Terminé les clandestins, les migrants, les réfugiés, voici les déracinés!(NDLR) Alors que l’Europe fait face à l’une de ses pires crises migratoires, les 71 Syriens morts asphyxiés dans un camion abandonné sur une autoroute d’Autriche rappellent le destin tragique des nombreux immigrés qui traversent la mer en quête d’une nouvelle vie. Mediterranea, premier long-métrage de Jonas Carpignano sorti mercredi 26 août, s’intéresse aussi au sort de ses déracinés.

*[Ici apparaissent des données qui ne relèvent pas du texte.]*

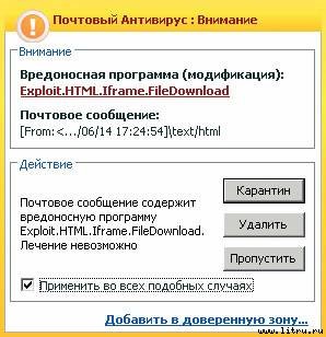 Наконец-то в новой версии программы появился компонент, контролирующий HTTP-трафик, что позволит не только избавляться от вирусов при загрузке файлов из Сети, но и блокировать вредоносные скрипты в системном браузере. Давайте попробуем скачать некий «хитрый» файл из Интернета и посмотрим на реакцию антивируса. Враг не прошел — рис. 14 .

Présenté à la Semaine de la Critique lors du dernier festival de Cannes, le film avait accroché l’œil, par son format, un réalisme proche du documentaire, et son histoire, celle de deux burkinabais quittant leur pays pour rejoindre le Sud de l’Italie. Plus que le périple, c’est leur adaptation à ce nouvel environnement qui s’avère difficile.
“Cela fait cinq années que je vis maintenant avec les immigrés qui débarquent dans le sud de l’Italie”, raconte le réalisateur interrogé par Le HuffPost. “Ici, l’immigration n’est pas une actualité ponctuellement à la Une des journaux mais la réalité du quotidien. Sur Sky TG24 (équivalent local de BFM TV), il se passe tous les jours quelque chose liés aux migrants.”
Mediterranea a été tourné à Rosarno, en Calabre, lieu des premières émeutes d’immigrés en 2010. Jonas Carpignano décrit sa rencontre avec Koudous Seihon qui joue “presque son propre rôle”, celui d’Ayiva, le personnage principal.
“C’était l’anniversaire des émeutes et je voulais faire mon casting dans la rue. Il y avait une grand marche organisée pour soutenir les immigrés et il est apparu avec un mégaphone. Il était charismatique, commandait la marche, parlait cinq langues différentes et sortait du lot. Son énergie était captivante. Cette force lui a servi à l’écran.”
Mediterranea s’attarde sur l’accueil réservé à ces réfugiés par la communauté locale. Une hostilité dont a été témoin Carpignano. “C’est une violence qui est déclenchée par la peur et l’incompréhension. ‘Vous êtes dans mon pays et vous me piquez le peu de ressources que j’ai’. Une réaction qui résulte aussi du changement massif qui a eu lieu dans ces petites villes.”
“C’est un phénomène encore jeune”, poursuit le jeune cinéaste italo-américain. “Sur le plan de la perception, il y a des choses qui changent. Dans le film, il y a une scène où des gamins attaquent les migrants. Ce sont les mêmes individus qui m’ont agressés moi et Koudous il y a quelques années. Sauf qu’à force de connaître Koudous, de fréquenter les mêmes cafés, ils ont fini par le considérer comme un être humain et une personnes. Ils sont même devenus amis.”